What Is the Government's Role in Marriage - Gay or Straight?
By Andy Heath
Let me start with a brief language lesson. In the English language, as well as several others, there is a concept known as the homonym. A homonym is a word that has more than one distinct meaning. For example, the word "register" can mean to sign up for school, but it can also be a machine to check you out at the grocery store.
I suppose my English professors will never forgive me for saying that the word "marriage" is also a homonym, but I suppose I will just have to live with that.
Marriage is a union between two or more people that the church celebrates. It usually involves two people who are very much in love with each other and ready to devote a lifetime partnership together. These two people will share their joy and their pain, and their lives will be richer and more fulfilling because they have each other.

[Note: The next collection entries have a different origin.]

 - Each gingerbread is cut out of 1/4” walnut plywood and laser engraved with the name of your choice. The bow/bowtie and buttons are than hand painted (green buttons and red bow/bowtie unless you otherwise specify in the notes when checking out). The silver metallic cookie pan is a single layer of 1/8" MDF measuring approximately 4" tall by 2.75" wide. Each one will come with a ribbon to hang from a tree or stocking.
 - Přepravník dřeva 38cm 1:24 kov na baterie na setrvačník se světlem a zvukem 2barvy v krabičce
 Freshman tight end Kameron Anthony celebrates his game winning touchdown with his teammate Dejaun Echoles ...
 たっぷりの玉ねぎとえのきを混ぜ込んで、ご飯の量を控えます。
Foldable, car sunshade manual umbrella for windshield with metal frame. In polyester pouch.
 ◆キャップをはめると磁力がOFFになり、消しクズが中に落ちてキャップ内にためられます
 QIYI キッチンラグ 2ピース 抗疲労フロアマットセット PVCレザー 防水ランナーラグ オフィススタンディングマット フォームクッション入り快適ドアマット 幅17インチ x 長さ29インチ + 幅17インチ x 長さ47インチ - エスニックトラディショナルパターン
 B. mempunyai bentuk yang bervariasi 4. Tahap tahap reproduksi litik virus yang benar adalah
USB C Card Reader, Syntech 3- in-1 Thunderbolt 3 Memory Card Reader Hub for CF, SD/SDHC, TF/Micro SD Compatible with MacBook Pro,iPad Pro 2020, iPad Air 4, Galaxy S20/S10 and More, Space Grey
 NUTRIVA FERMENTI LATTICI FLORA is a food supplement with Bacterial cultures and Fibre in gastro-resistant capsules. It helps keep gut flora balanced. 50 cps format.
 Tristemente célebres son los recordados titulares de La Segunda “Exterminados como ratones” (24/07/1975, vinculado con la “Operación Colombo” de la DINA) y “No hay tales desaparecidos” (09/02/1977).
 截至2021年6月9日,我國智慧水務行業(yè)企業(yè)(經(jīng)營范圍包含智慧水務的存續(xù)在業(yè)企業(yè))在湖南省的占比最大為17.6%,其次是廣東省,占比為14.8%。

They do not necessarily complete each other, but they do enhance each other.
Marriage is also a piece of paper that says one man and one woman receive certain benefits from the government, such as tax benefits, property benefits, and many other rights such as hospital visitation that can be denied to someone who is not your marriage partner. This type of marriage does not require love, it does not require happiness, and it does not require the desire to form a life partnership together.

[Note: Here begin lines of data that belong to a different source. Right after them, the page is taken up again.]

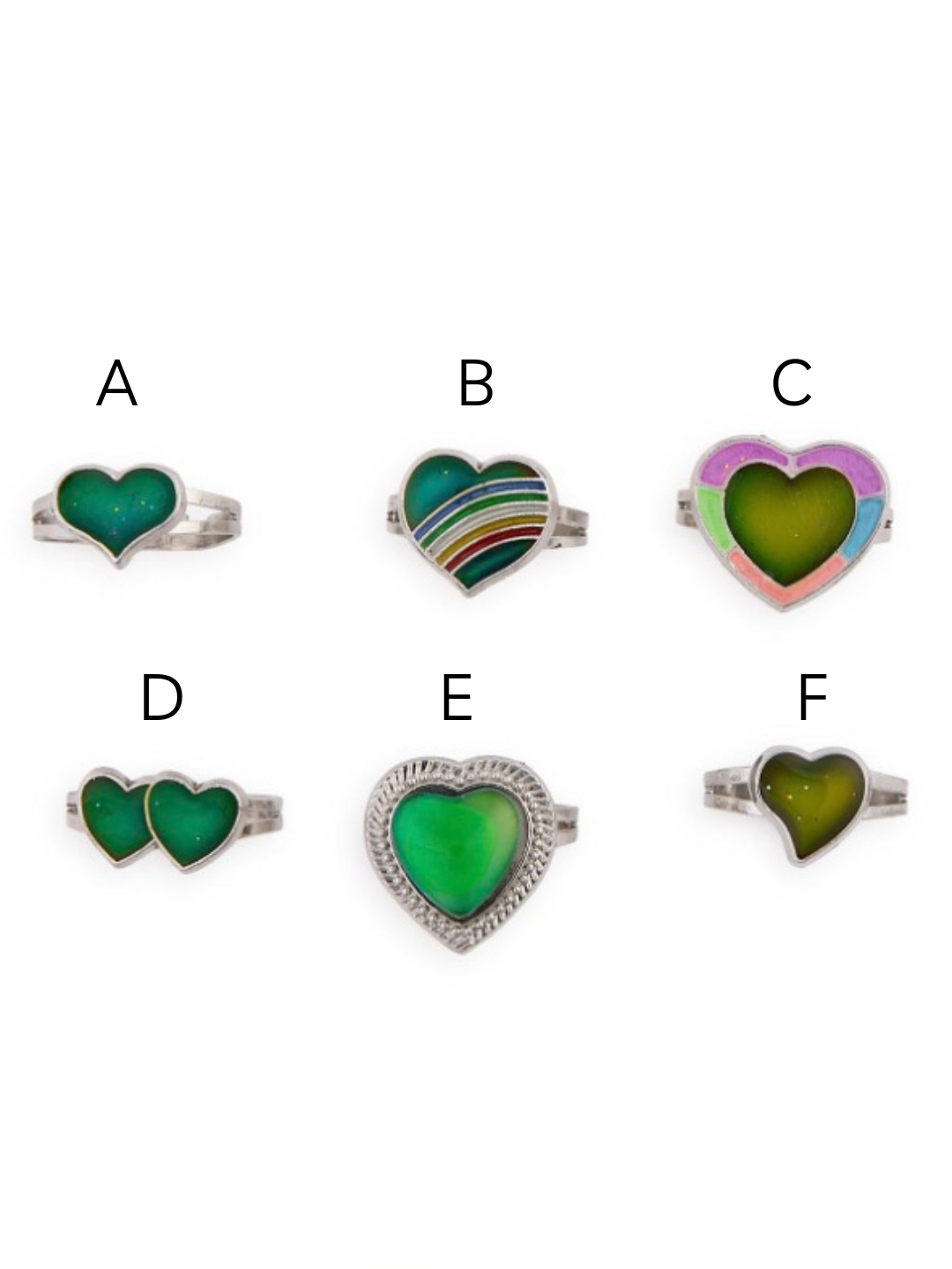 Discover your emotional vibe with this charming heart-shaped mood ring that shifts colors to match your feelings. Each piece is wonderfully unique, making it a one-of-a-kind accessory that's as individual as you are. The adjustable band ensures a perfect fit for any finger, while the playful design adds a touch of whimsy to your everyday style. Whether you're curious about what your mood says or just love the nostalgic fun factor, this heart mood ring is the perfect way to wear your emotions on your sleeve—literally!
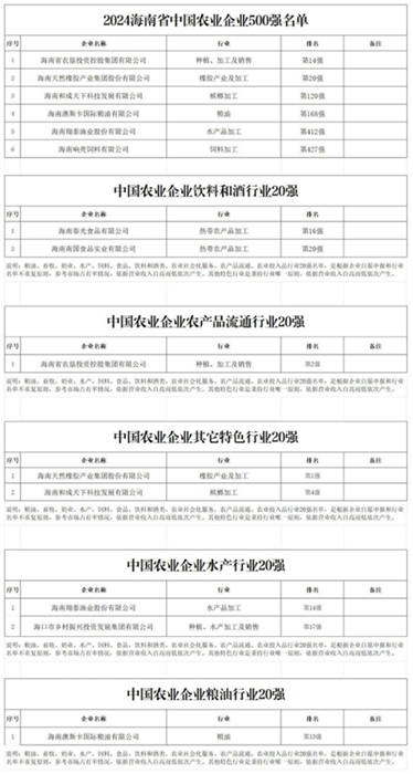 2024年12月20日,农民日报社发布了《2024中国农业企业500强》。海南省有6家企业上榜500强,较2023年新增3家企业,分别为:海南省农垦投资控股集团有限公司、海南天然橡胶产业集团股份有限公司、海南和成天下科技发展有限公司、海南澳斯卡国际粮油有限公司、海南翔泰渔业股份有限公司、海南响亮饲料有限公司。另外,海南省有8家企业入选中国农业企业饮料和酒、农产品流通、水产、粮油、其他特色行业20强,较去年新增7家企业,海南省农业企业影响力显著增强。
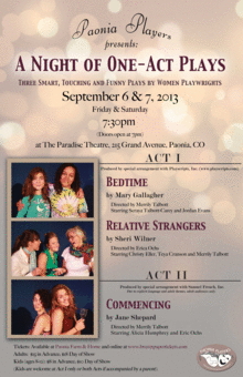 Three smart, touchy and funny plays by women playwrights. Act One includes two plays: Bedtime by Mary Gallagher, starring Jordan Evans and Seraya Talbott-Carey and Relative Strangers by Sheri Wilner, starring Teya Cranson, Christy Eller and Merrily Talbott. Act Two is the play Commencing, by Jane Shepard, starring Alicia Humphrey and Erica Ochs. Due to explicit language and sexual themes, this play is for adult audiences only.
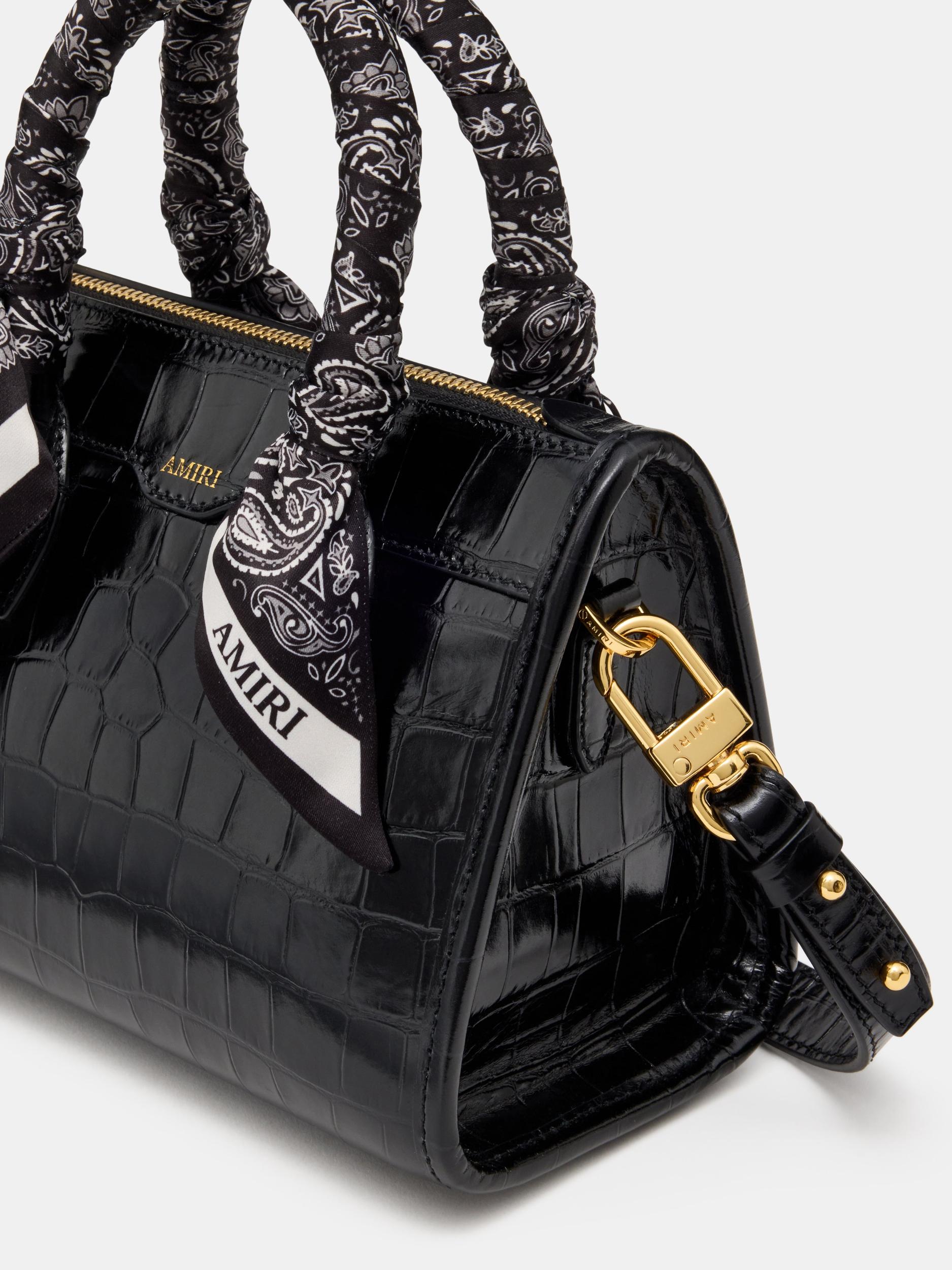 For Autumn-Winter 2025, iconic house accessories are enhanced with tactile croc-embossed leather. The Croc Micro Triangle Bag features top handles with tied paisley scarf accents and a detachable croc-embossed leather shoulder strap. AUTUMN-WINTER 2025 COLLECTION MADE IN Italy 100% LEATHEREACH PIECE IS METICULOUSLY CRAFTED AND INHERENTLY UNIQUE. SLIGHT VARIATIONS IN THE ARTWORK ARE A NATURAL RESULT OF THE PRINTING PROCESS AND CONTRIBUTE TO THE DISTINCTIVE CHARACTER OF THIS PRODUCT.

So you see there are two completely different definitions of marriage, but Christians often confuse the two. I wonder what would happen if the second definition of marriage above actually had a name other than marriage. I wonder if Christians would be so adamant in lobbying our government to deny us this human right.
Certainly government has a role in giving rights to partners who want such rights, but it does not have a role in denying those rights to same sex couples.
As for the first definition of marriage above, we as gay men and lesbian women have every right to find a church that will celebrate our union even if the government does not recognize it. We can still get married, have a ceremony, have a party, and invite our friends and our family (not that they will all come). This is something that we can do now because in the eyes of God, we are married, even if the government says we're not. And personally, I think God trumps the government.